Detailed descriptions exist about the disagreements among band members which led to the replacement of Glen Matlock with Sid Vicious. Tensions did not ease, in part due to difficulties with Sid Vicious’ girlfriend Nancy Spungeon whose behavior is described to have been very hard to bear throughout John Lydon's autobiography. In addition, there were arguments between Malcolm McLaren and John Lydon.

The mythos regarding Sid Vicious contrasts with his actual behavior as described in Rotten: No Irish, No Blacks, No Dogs. Steve Severin from Siouxsie and the Banshees describes Sid Vicious as quiet and sweet with a "brilliant sense of humor". John Lydon's memories of Sid Vicious do not exclude the at times ugly details of his descent into drug addiction. Following the death of Nancy Spungeon, Sid Vicious died in New York on Groundhog Day in 1979 due to a drug overdose.

The disagreements between John Lydon and Malcolm McLaren eventually culminated in a lawsuit against Malcolm McLaren with a verdict in favor of John Lydon. The affidavits are included in segment 20.

In his autobiography, John Lydon's also tells of the early beginnings of his band PiL (Public Image Limited) which he later described as his "heart and soul".

In the last segment of Rotten: No Irish, No Blacks, No Dogs, John Lydon reflects on his life as well as the late Sid Vicious and gives up on a final reconciliation attempt with Malcolm McLaren. The autobiography begins and ends with John Lydon's Winterland quote "Ever get the feeling you’ve been cheated?".

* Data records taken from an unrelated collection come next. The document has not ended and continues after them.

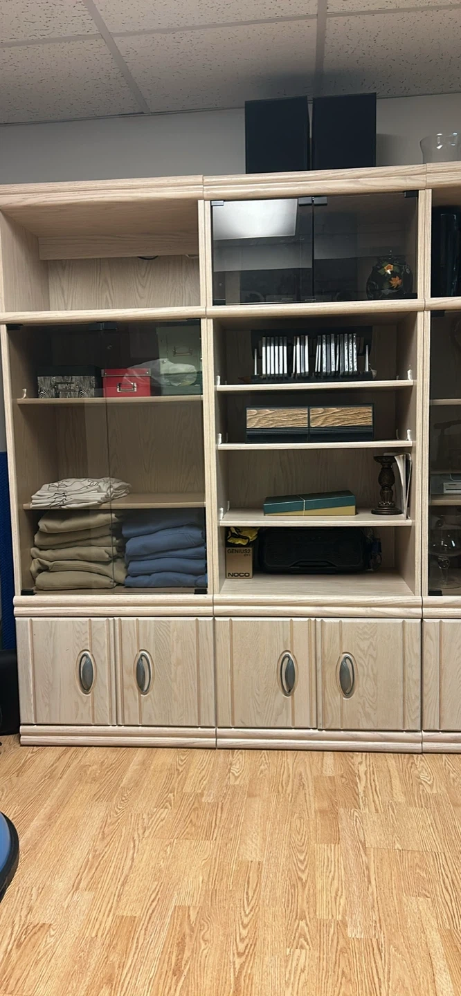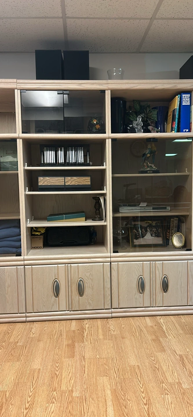 Selling a 3 piece bookcase/entertainment unit with smoked glass doors. It's in excellent shape and perfect for displaying books, decor, or storing items. It features multiple shelves and cabinet space at the bottom. There is a cutout at the back (not yet punched out) for electronic cables.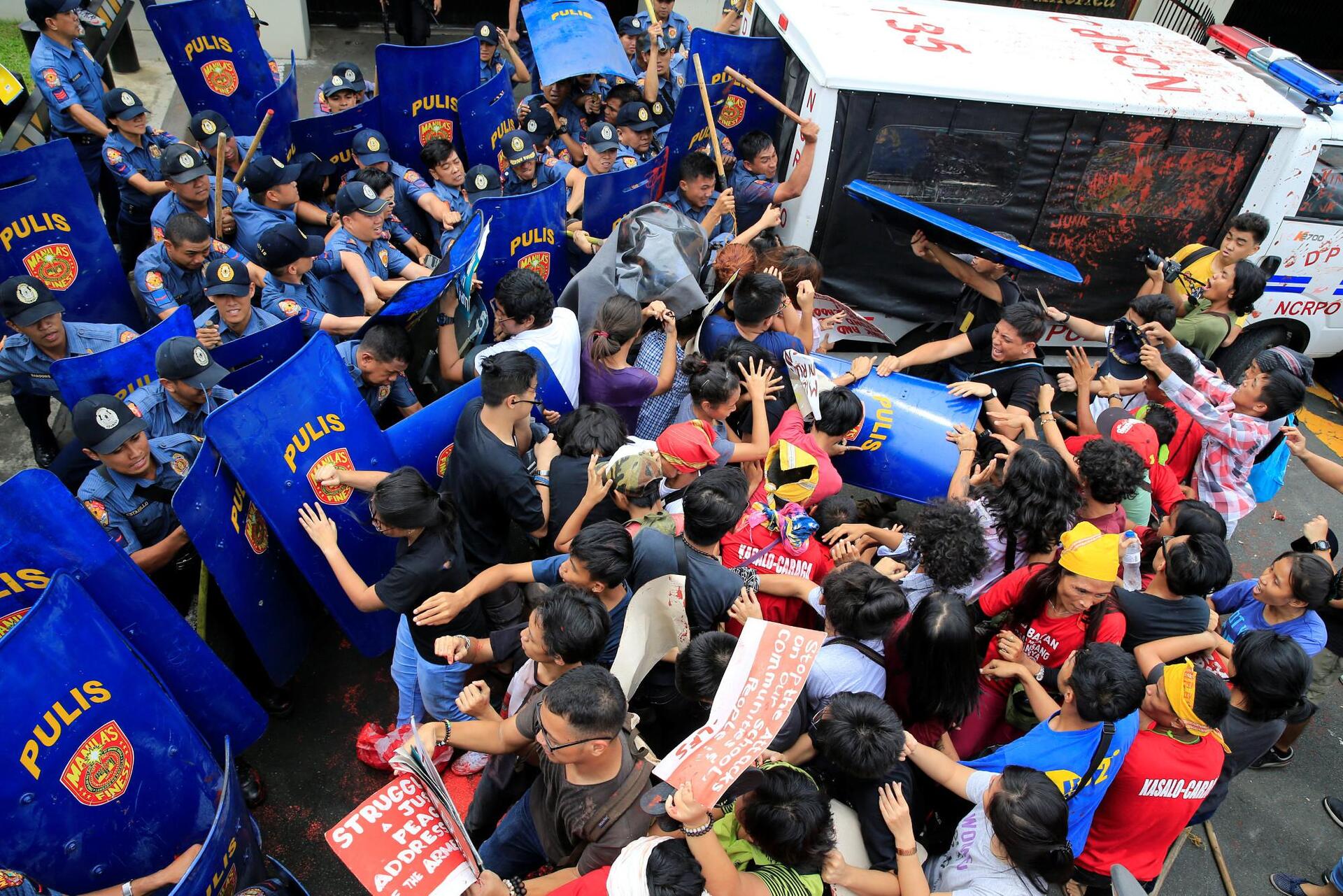 Τα βίαια επεισόδια ξέσπασαν όταν διαδηλωτές συγκεντρώθηκαν έξω από την αμερικανική πρεσβεία για να ζητήσουν την αποχώρηση των αμερικανικών στρατευμάτων από τη χώρα και για να υποστηρίξουν το αίτημα του προέδρου Ροντρίγο Ντουτέρτε για μια εξωτερική πολιτική που δεν θα εξαρτάται από τις ΗΠΑ, τον μακροχρόνιο εταίρο της χώρας.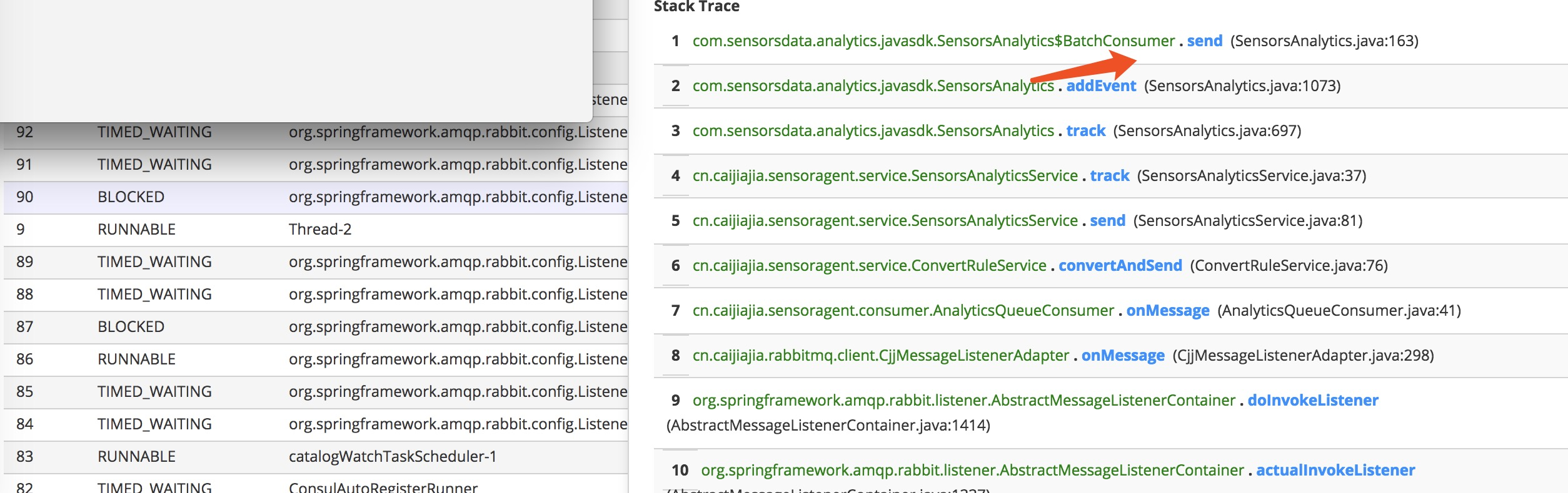 该方法会往神策发送数据,并且每次发送的时间很长,这也会严重阻碍到线程继续消费运行;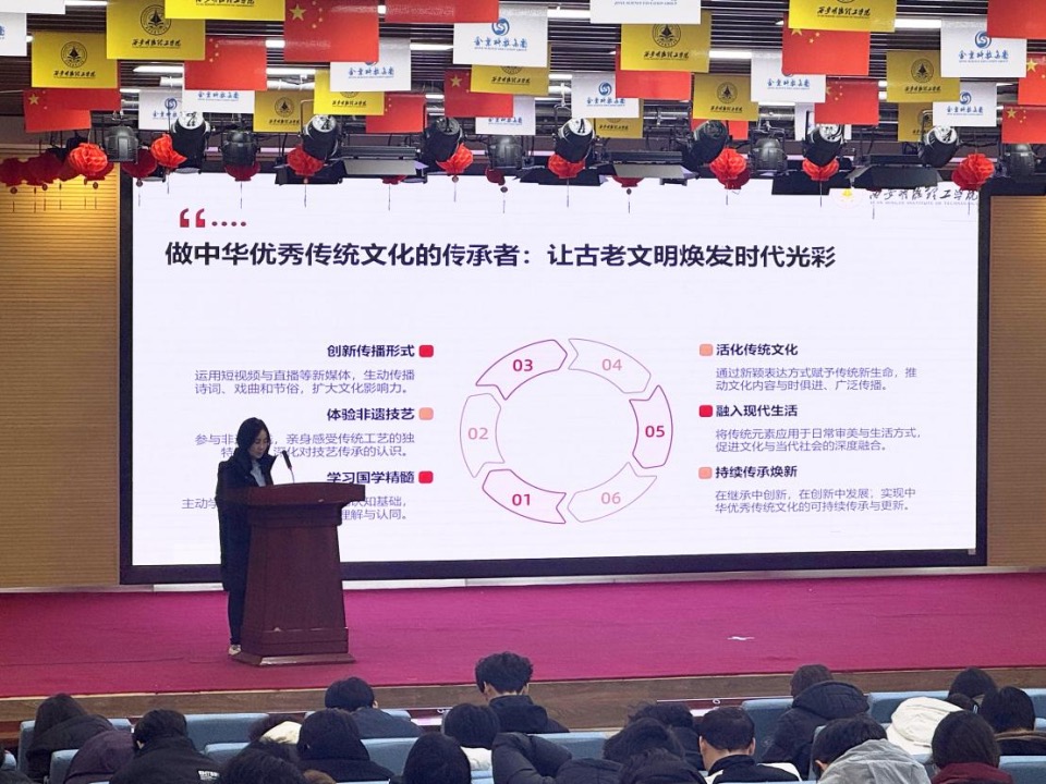 宏莹老师带来了《习近平文化思想学习纲要》的精彩解读。她从习近平文化思想的形成背景、核心要义和重大意义等方面进行了深入分析。宏莹老师指出,习近平文化思想是新时代党领导文化建设实践经验的理论总结,是马克思主义文化理论中国化时代化的最新成果,为新时代宣传思想文化工作提供了强大的思想武器和行动指南。她还结合校园文化建设的实际,鼓励同学们积极践行习近平文化思想,传承和弘扬中华优秀传统文化,增强文化自信,为校园文化建设贡献力量。宏莹老师的分享深入浅出,使同学们对习近平文化思想有了更全面、更深刻的认识。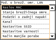 ![]() <Stanje brezžičnega omrežja LAN> in <Podatki o zadnji napaki> si lahko ogledate z gumbom

== Punk as described in Rotten, No Irish, No Blacks, No Dogs ==
While both the origin of the Sex Pistols as well as the beginning punk itself are under dispute, John Lydon considers himself and a small circle of friends the root of punk, long before the Sex Pistols came to be. Notable is the disagreement with Malcolm McLaren regarding the creation of the Sex Pistols. Lydon describes the novelty of punk music as both a curse and a blessing as people could not relate to it. It simply did not match anything they could remember. The music style may be described as ‘raw’. One big component of punk is surely the fashion style which was marked by "deviance, defiance, and opposition". While some of most stark controversies surely stem from Vivienne Westwood's boutique SEX, John Lydon actually preferred clothing from the store Acme Attractions. The ideology of punk which is known to turn conventions upside down is reflected in both music and fashion through "originality, authenticity, and individuality". Indeed, John Lydon describes individuality as "a major theme" in his book.

== Reception ==
John Lydon's first autobiography was named one of the 35 best rock memoirs by Rolling Stone magazine. It was followed by a second autobiography in 2014, "Anger is an Energy: My Life Uncensored"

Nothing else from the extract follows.